= Herbert W. Worthington =

Herbert "Herbie" Wheeler Worthington lll (May 25, 1944 – November 2013), was an influential rock and roll photographer until his death at 69, in 2013. There was no HWW "Senior", or HWW "Junior". Herbie added the III himself. He was best known as the photographer for Fleetwood Mac and Stevie Nicks (including the covers for her first two albums, Bella Donna and The Wild Heart). It was his photograph that was run on the cover of the Fleetwood Mac Rumours album and was instrumental in creating the iconic imagery (like the crystal ball) that is still associated with Fleetwood Mac today. He photographed over 40 covers for several bands and artists, including Buddy Miles, Paris, Jesse Cutler 20/20 and Lita Ford, among many others, in his 30+ years as a rock music photographer.

== Career ==

Worthington grew up in South Los Angeles, and in the 1960s he started associating with the music scene. Later, in the early 1970s, while living with his friend Buddy Miles, a friend gave him a camera. Living and working with Buddy Miles, Worthington got to know other musicians, such as Steve Winwood, Sly Stone and Jimi Hendrix. Hendrix became a very close friend, and Worthington would end up traveling with Hendrix on several shows in 1969.

While living with Buddy Miles, Worthington notes it was Ron Raffaelli, personal photographer of Jimi Hendrix, who taught him about photography. Worthington became well known for his photography
as he became even more involved in the entertainment industry.

== Final years and death ==
Worthington had an antique store, "House of Worthington," in Los Angeles, on La Brea, selling gothic furniture and antiques. In 2007, Worthington had a website "Herbert W. Worthington", in which he sold Stevie Nicks posters, calendars, prints and T-shirts.

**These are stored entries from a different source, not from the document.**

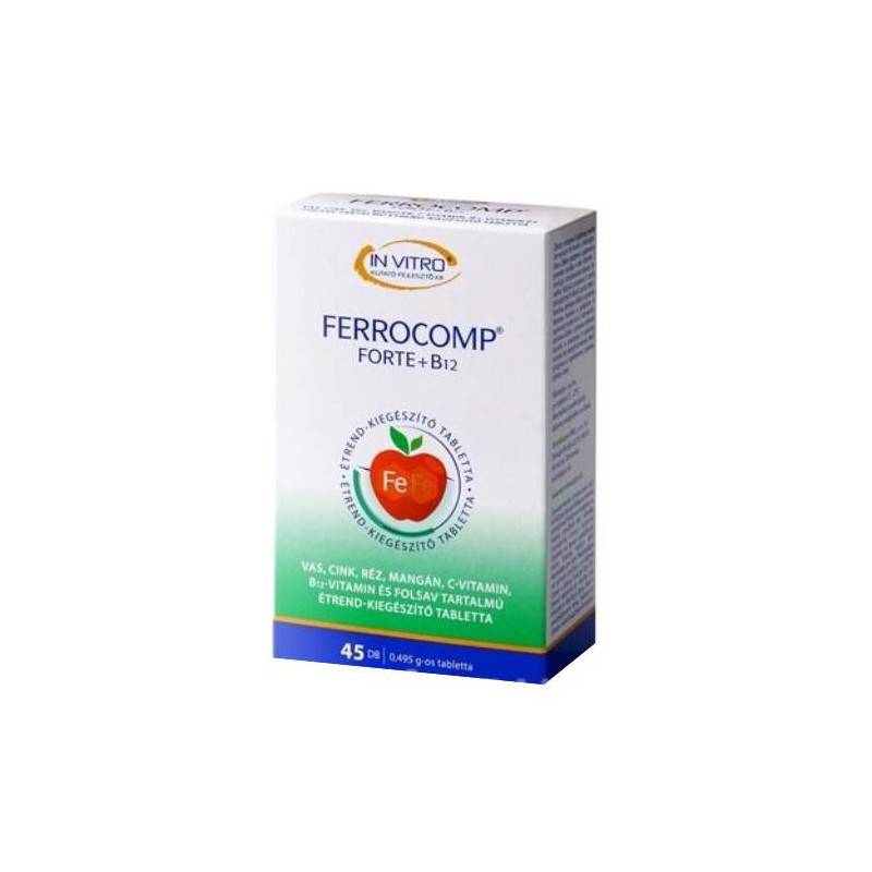 Ferrocomp forte + B12 je vyvážený výživový doplnok od značky InVitro, špeciálne navrhnutý na dopĺňanie železa a podporu zdravého krvotvorného systému. Kombinuje účinné zložky ako železo, vitamín C, vitamín B12, kyselinu listovú a dôležité minerály – zinok, meď a mangán – ktoré spoločne prispievajú k správnej funkcii imunitného systému, znižujú únavu a podporujú bunkový metabolizmus.
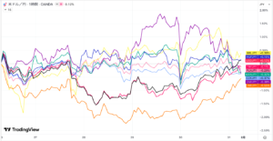 貴金属上昇で資源国の通貨が強かったですね。23日の日米協調レートチェック以降大きく振れました。
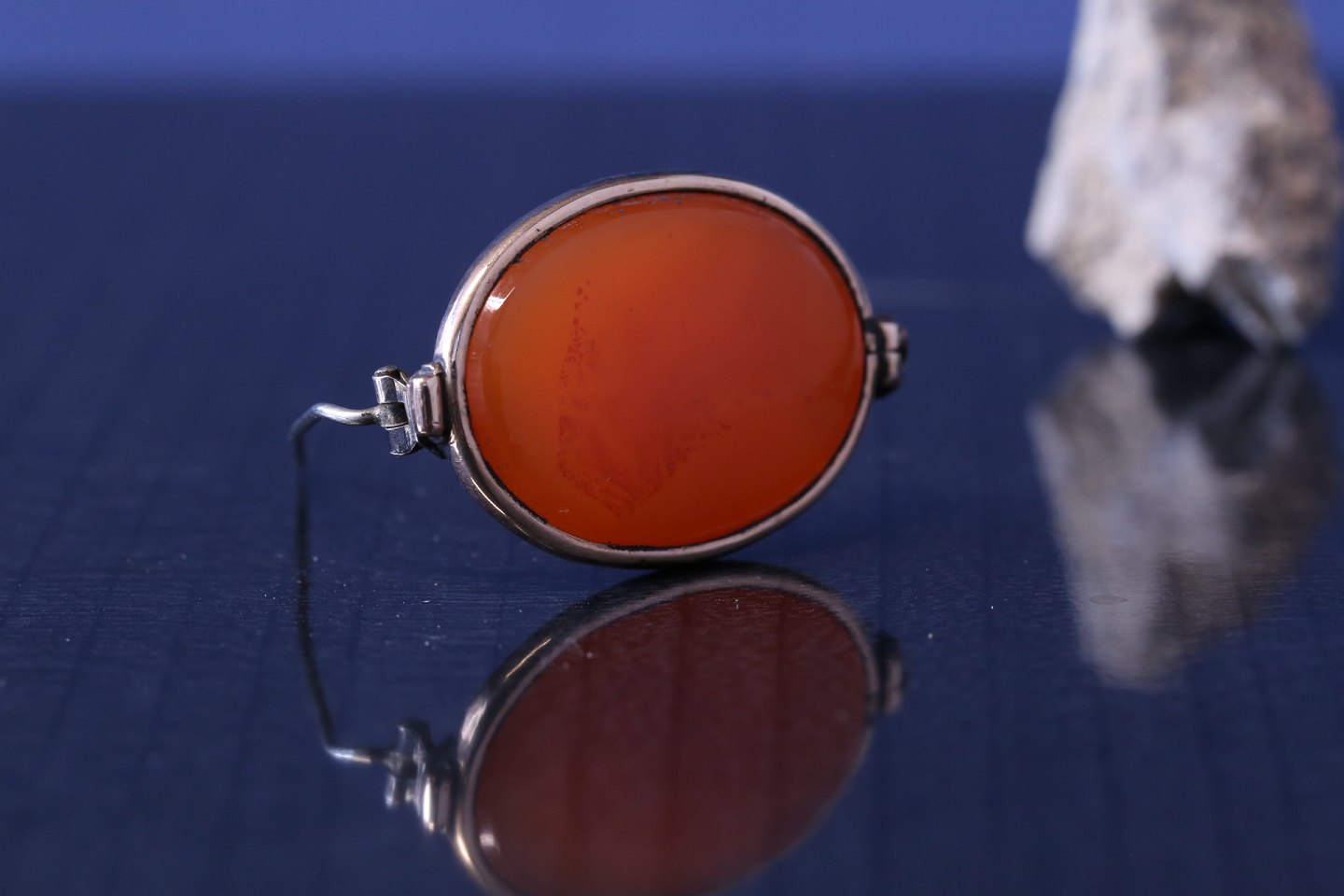 Gold brooch with large orange stone, and beautiful gold frame. The brooch will be a beautiful piece of jewelry for an elegant sweater or cardigan. Wear it in everyday life, or with a dress for festive occasions.
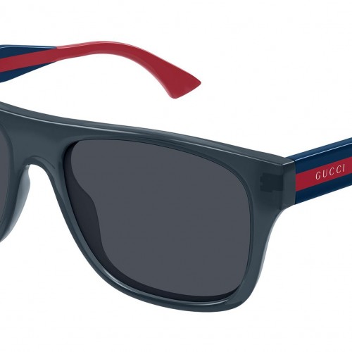 Gucci GG2119S 004 sunglasses for men, featuring shiny transparent blue rectangular recycled acetate frame and solid dark blue bio nylon lenses. Brand line: Sign. Style code: GG2119S. Color code: 004. Made in Japan. Authorized Gucci online reseller. Your glasses will include the original case and accessories and are covered by a 12-month global warranty.
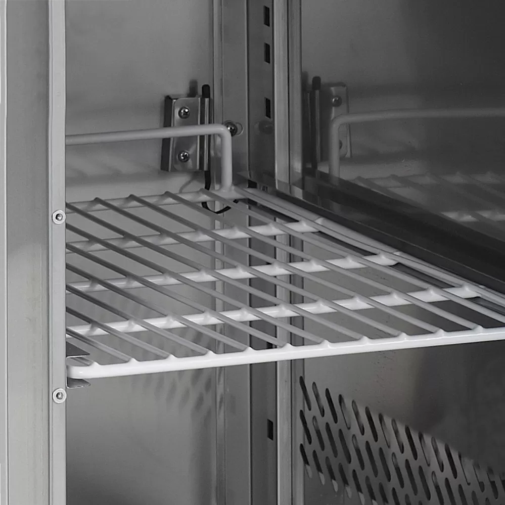 Mrazicí saladeta SA je vyrobena z nerezové oceli SS304 a má teplotní rozsah od -20 do -10 stupňů. Dodává se se dvěma skříňkami s rozměry pro gastronádoby GN1/1, včetně 2 drátěných polic GN1/1. Ideální pro profesionální kuchyně. mrazicí jednotka|nerezová ocel|digitální termostat a teplotní displej|nastavitelné nožky|chlazení s pomocným ventilátorem Mrazicí saladeta
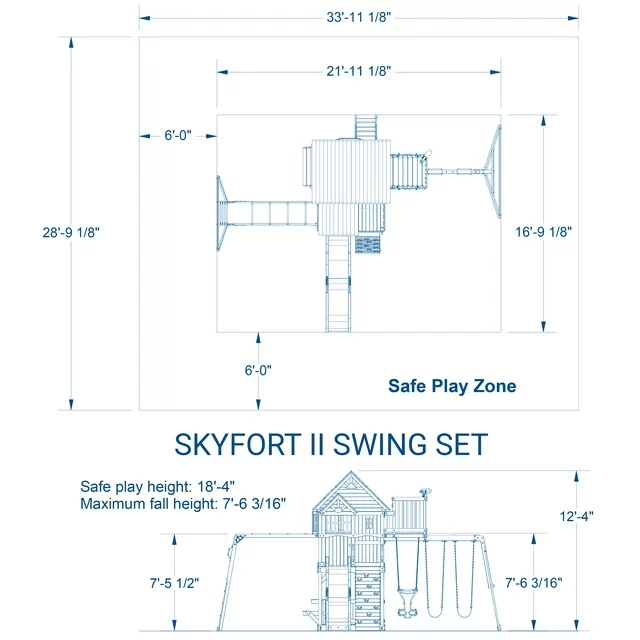 The Skyfort II Swing Set will elevate your children’s playtime and add charm to your landscape. Featuring a raised clubhouse with a wood roof, windows, covered entryway, and bay windows, this set feels like a majestic wooden castle designed for endless adventures.

Some of the last projects Worthington contributed to were, photographs to Ken Caillat's book, "Making Rumours", Dave Grohl's Sound City documentary, The long-awaited WB's 'Rumours' CD/LP/DVD Reissue and Fleetwood Mac's album Say You Will, and the Fleetwood Mac documentary Destiny Rules.

Worthington lived his last years in Pasadena, and kept a relatively low profile.
Herbert W. Worthington died from heart disease in November 2013.